1. Autocorrelation and individual heterogeneity are now considered to reflect biological processes
rather than simply being a nuisance requiring to be accounted for. Before using parameter estimates
that represent autocorrelation and individual heterogeneity to infer biological processes, a statistical
evaluation of their precision and accuracy is required to validate their use.
2. Using simulated data, we evaluated accuracy and precision of temporal autocorrelation and
individual heterogeneity estimates provided by different statistical models. We compared estimates
across different intensity of individual variation and life histories, and sampling effort. We focused
on recurrent binary variables because statistical evaluations of models describing binary processes
have often been overlooked although several evolutionary and ecological processes are expressed
as binary variables (e.g. probability of annual reproduction, plant annual flowering and detection,
seasonal migration decision).
3. Our results showed that autocorrelation and individual heterogeneity were generally better estimated
using a ‘time series’ modelling approach, but that a ‘state dependence’ modelling approach
also provided fair estimates in most cases. The latter method was even more robust when data sets
included missing values. Data sets including missing values or consisting of very short times series
resulted in important bias in some instances.

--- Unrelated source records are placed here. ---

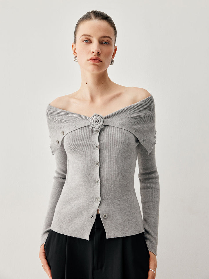 Slinky Overfold Kapalı Omuz Örgü Çiçekli Hırka
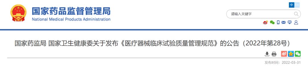 為深化醫(yī)療器械審評審批制度改革,加強醫(yī)療器械臨床試驗管理,根據(jù)《醫(yī)療器械監(jiān)督管理條例》(國務(wù)院令第739號)及《醫(yī)療器械注冊與備案管理辦法》(市場監(jiān)管總局令第47號)、《體外診斷試劑注冊與備案管理辦法》(市場監(jiān)管總局令第48號),國家藥品監(jiān)督管理局會同國家衛(wèi)生健康委員會組織修訂了《醫(yī)療器械臨床試驗質(zhì)量管理規(guī)范》,現(xiàn)予發(fā)布,自2022年5月1日起施行。
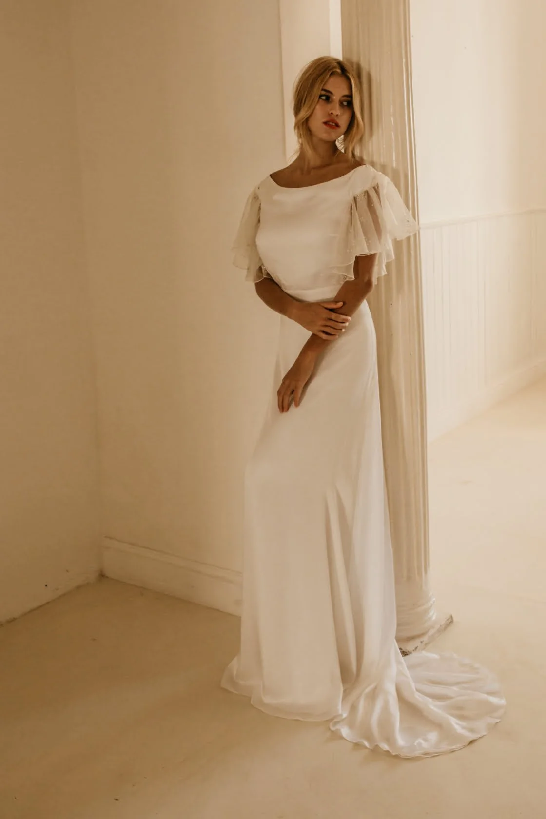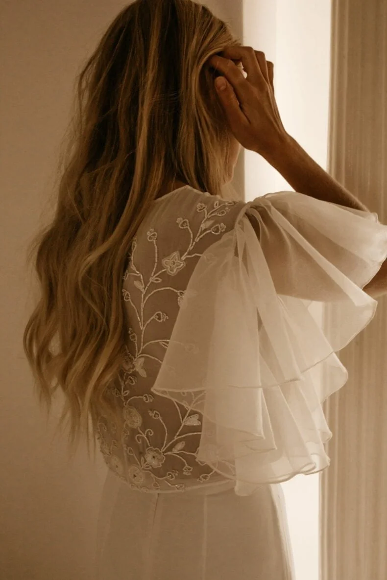 Designing for the modern, but relaxed, bohemium-inspired bride, the brand is femme with a slight 70s influence and the gowns have a luxe look and feel without breaking the bank. As in, they start from $850, guys. So scroll down for the new range and check out our real brides wearing (and raving about) Bo & Luca’s bridal gowns here, here and here…
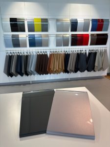ショールームの奥のカラーサンプルパネルにて
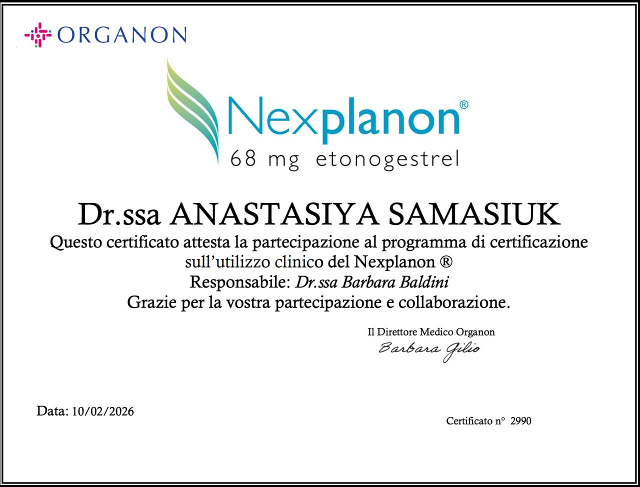 Sono la Dott.ssa Anastasiya Samasiuk, specialista in Ginecologia e Ostetricia.
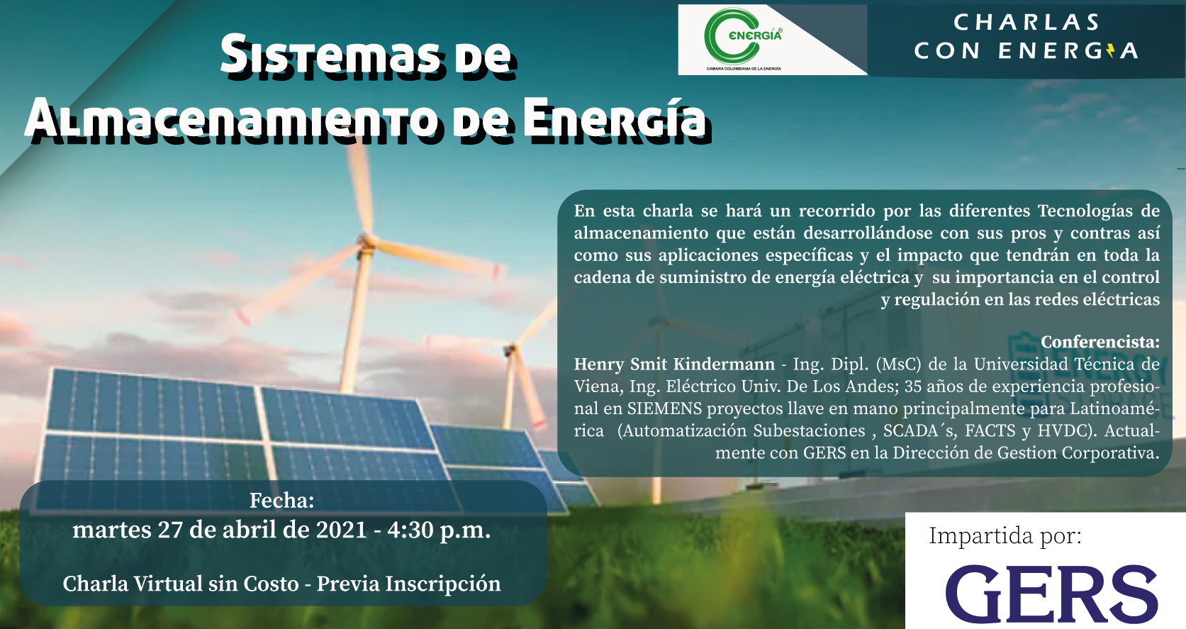 Ing. Dipl. (MsC) de la Universidad Técnica de Viena, Ing. Eléctrico Univ. De Los Andes; 35 años de experiencia profesional en SIEMENS proyectos llave en mano principalmente para Latinoamérica (Automatización Subestaciones , SCADA´s, FACTS y HVDC). Actualmente con GERS en la Dirección de Gestion Corporativa.

4. Models ignoring either individual heterogeneity or autocorrelation performed poorly, illustrating
the fundamental association between these two processes, and demonstrating that the complex
structure of autocorrelation and individual heterogeneity patterns is difficult to tackle using simple
models.
5. Our work’s major finding is the demonstration that autocorrelation and individual heterogeneity
need to be both accounted for to provide reliable estimates even in studies focusing on only one of
these processes. Our study also offers a set of practical recommendations for helping researchers
modelling these two processes depending on their scientific aims and the structure of their data.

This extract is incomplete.